For more info have a look at Time calculations

Note: This code is deprecated. Use the code from the answer if you are using Rails 3.1/3.2


Ok but from the form I get this: {"written_at(4i)"=>"18", "written_at(5i)"=>"56", "content"=>"rrrrrr", "written_at(1i)"=>"2010", "written_at(2i)"=>"5", "written_at(3i)"=>"4"} How can I build an object to use beginning_of_day?
This is what I need: purab.wordpress.com/2009/06/16/…
I like this method over the accepted answer because it doesn't rely on a db-level date() function; it's potentially more db independent.
b
boulder_ruby

I ran this code to see if the checked answer worked, and had to try swapping around the dates to get it right. This worked--

Day.where(:reference_date => 3.months.ago..Time.now).count
#=> 721

If you're thinking the output should have been 36, consider this, Sir, how many days is 3 days to 3 people?


A
Aziz Shaikh
Comment.find(:all, :conditions =>["date(created_at) BETWEEN ? AND ? ", '2011-11-01','2011-11-15'])

S
Sam Starling

I have been using the 3 dots, instead of 2. Three dots gives you a range that is open at the beginning and closed at the end, so if you do 2 queries for subsequent ranges, you can't get the same row back in both.

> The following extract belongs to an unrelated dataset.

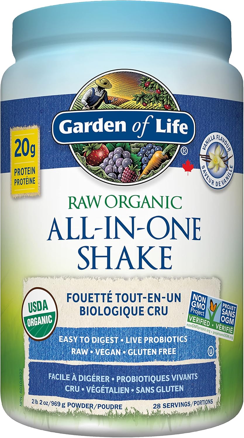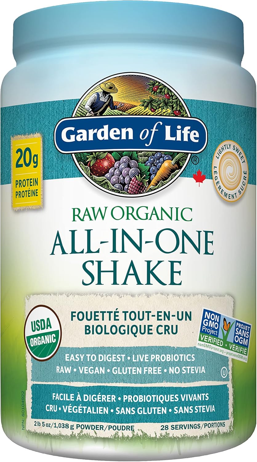 Garden of Life 生食全效营养奶昔,香草味,969 克。含有 20 克经过认证的有机植物蛋白,富含令人难以置信的营养,有助于锻炼肌肉。结合定期训练和健康均衡的饮食,有助于锻炼肌肉。Garden of Life 生食全效营养奶昔,香草味,969 克。Garden Of Life 生食全效营养奶昔,微甜,1038 克。含有 20 克经过认证的有机植物蛋白,富含令人难以置信的营养,有助于锻炼肌肉。结合定期训练和健康均衡的饮食,有助于锻炼肌肉。富含 44 种超级食物、21 种全食物维生素和矿物质。Garden of Life 生食全效营养奶昔 - 微甜 1038 克

2.2.2 :003 > Comment.where(updated_at: 2.days.ago.beginning_of_day..1.day.ago.beginning_of_day)
Comment Load (0.3ms)  SELECT "comments".* FROM "comments" WHERE ("comments"."updated_at" BETWEEN '2015-07-12 00:00:00.000000' AND '2015-07-13 00:00:00.000000')
=> #<ActiveRecord::Relation []> 
2.2.2 :004 > Comment.where(updated_at: 2.days.ago.beginning_of_day...1.day.ago.beginning_of_day)
Comment Load (0.3ms)  SELECT "comments".* FROM "comments" WHERE ("comments"."updated_at" >= '2015-07-12 00:00:00.000000' AND "comments"."updated_at" < '2015-07-13 00:00:00.000000')
=> #<ActiveRecord::Relation []> 

And, yes, always nice to use a scope!


k
klew

If you only want to get one day it would be easier this way:

Comment.all(:conditions => ["date(created_at) = ?", some_date])

b
ben

there are several ways. You can use this method:

start = @selected_date.beginning_of_day
end = @selected_date.end_of_day
@comments = Comment.where("DATE(created_at) BETWEEN ? AND ?", start, end)

Or this:

@comments = Comment.where(:created_at => @selected_date.beginning_of_day..@selected_date.end_of_day)

A
Augustin Riedinger

There should be a default active record behavior on this I reckon. Querying dates is hard, especially when timezones are involved.

Anyway, I use:

  scope :between, ->(start_date=nil, end_date=nil) {
    if start_date && end_date
      where("#{self.table_name}.created_at BETWEEN :start AND :end", start: start_date.beginning_of_day, end: end_date.end_of_day)
    elsif start_date
      where("#{self.table_name}.created_at >= ?", start_date.beginning_of_day)
    elsif end_date
      where("#{self.table_name}.created_at <= ?", end_date.end_of_day)
    else
      all
    end
  }

J
Jenorish

You could use below gem to find the records between dates,

This gem quite easy to use and more clear By star am using this gem and the API more clear and documentation also well explained.

Post.between_times(Time.zone.now - 3.hours,  # all posts in last 3 hours
                  Time.zone.now)

Here you could pass our field also Post.by_month("January", field: :updated_at)

Please see the documentation and try it.